Real-time Data Stores: Pinot, ClickHouse & StarRocks
This stack provides a flexible development environment featuring a choice of three powerful, high-performance data stores: Apache Pinot, ClickHouse, and StarRocks. Designed to be a showcase of modern data storage solutions, this configuration uses Docker Compose profiles to allow you to select and launch only the specific system you need for your real-time analytics workloads.
📌 Description​
This architecture is designed for developers and engineers to explore and build applications on top of leading data technologies. The name compose-store.yml reflects its purpose as a catalog of specialized storage systems for enabling low-latency analytical queries on large datasets.
- Apache Pinot is purpose-built for user-facing, real-time analytics requiring sub-second query latency.
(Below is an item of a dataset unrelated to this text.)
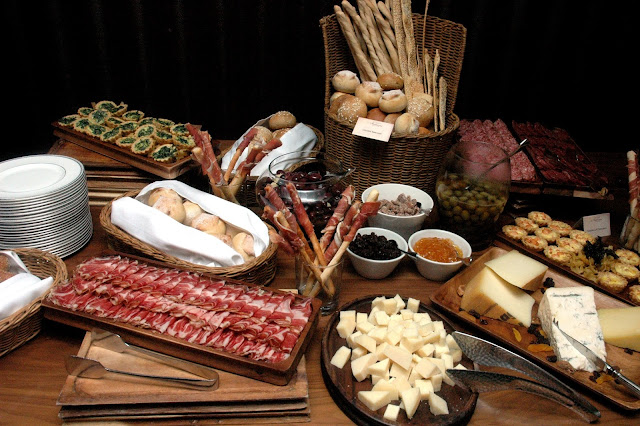 A sumptuous spread of assorted cured meats are laid out at the antipasti buffet...
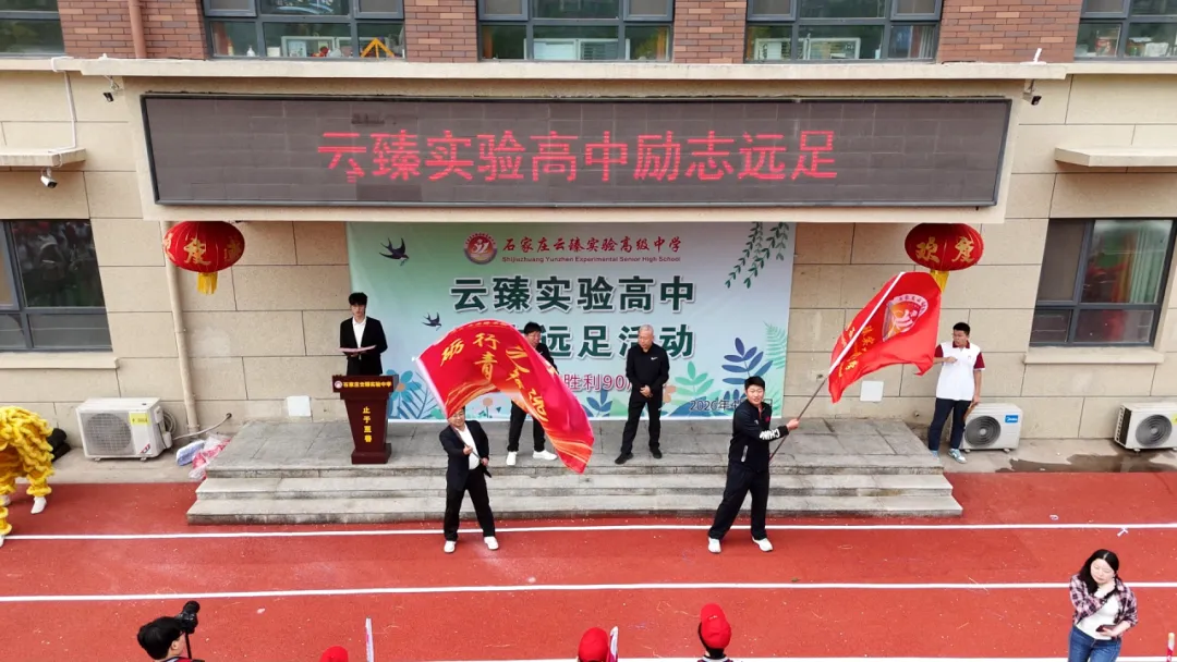 清晨7:00,全体师生整齐列队,心潮澎湃。王建勇校长和谢曙光校长将远足冲锋大旗郑重授予德育主任殷高望和体育老师魏忠舒,台下掌声雷动。

- ClickHouse is a general-purpose, high-performance OLAP database, deployed here with the HyperDX stack which provides a convenient web UI and ingestion endpoint to accelerate development.
- StarRocks delivers a modern, high-concurrency OLAP experience for a wide range of analytical workloads.
A standalone ZooKeeper service is included to provide the necessary coordination for the Apache Pinot cluster.
🔑 Key Components​
This stack is organized into three independent profiles. To launch a specific system, use the --profile flag (e.g., docker compose --profile pinot -f ./compose-store.yml up).
🔵 Apache Pinot (--profile pinot)​
A distributed, real-time OLAP data store designed for ultra-low-latency analytics at scale.
- ZooKeeper (
zookeeper): Manages cluster state and coordination for Pinot. - Pinot Controller (
pinot-controller): The brain of the cluster, handling administration and schema management.- Admin UI/API:
http://localhost:19000
- Admin UI/API:
- Pinot Broker (
pinot-broker): The query gateway for clients.- Query Endpoint:
http://localhost:18099
- Query Endpoint:
- Pinot Server (
pinot-server): Hosts data segments and executes query fragments.
🟡 ClickHouse for Real-Time Analytics (--profile clickhouse)​
Deploys the powerful ClickHouse OLAP engine with a convenient UI and ingestion layer for building analytics applications.
- ClickHouse Server (
ch-server): The core of this profile. A high-performance, column-oriented DBMS designed for real-time analytical queries on massive datasets.- HTTP API:
http://localhost:8123
- HTTP API:
- HyperDX App (
ch-app): Provides a web UI and exploration tool for interacting with ClickHouse. Use it to run SQL queries, visualize results, and manage your analytics environment. - HyperDX OTEL Collector (
ch-otel-collector): An example of a high-performance data ingestion endpoint (OpenTelemetry Collector) capable of feeding real-time data into ClickHouse. - MongoDB (
ch-db): A necessary dependency that acts as a metadata store for the HyperDX UI.
🟢 StarRocks (--profile starrocks)​
A next-generation, high-performance analytical data store designed for a wide range of low-latency OLAP scenarios.
- StarRocks Frontend (FE) (
starrocks-fe): Manages metadata, query planning, and client connections.- Admin UI:
http://localhost:8030 - MySQL-compatible SQL Endpoint:
localhost:9030
- Admin UI:
- StarRocks Backend (BE) (
starrocks-be): Responsible for storing data and executing the physical query plans with high performance.
🧰 Use Cases​
For Apache Pinot​
- Real-Time Dashboards: Power interactive dashboards requiring millisecond query latency on constantly updating datasets.
- User-Facing Analytics: Embed analytics directly into applications where users can explore data with immediate feedback.
- Anomaly & Threat Detection: Query streaming event data in near real-time to identify patterns and outliers quickly.
For ClickHouse​
- Real-Time Business Intelligence (BI): Power interactive dashboards and reports directly on raw, large-scale data without pre-aggregation.
- Interactive Big Data Analytics: Run complex, ad-hoc analytical queries on terabytes of data (e.g., web clickstreams, IoT sensor data, financial transactions) and get results in seconds.
- Log and Event Data Analysis: Build powerful search and aggregation systems on machine-generated data for operational intelligence or security analytics.
- Streaming Data Analytics: Ingest data from real-time sources like Kafka and make it available for immediate querying.
For StarRocks​
- Modern Data Warehousing: Serves as a high-performance core for a modern data warehouse, enabling fast BI reporting and low-latency dashboards.
- Ad-Hoc & Interactive Analytics: Empower analysts to run complex, exploratory queries on large datasets without long wait times.
- Unified Analytics: Query data from various sources, including data lakes, from a single, fast engine.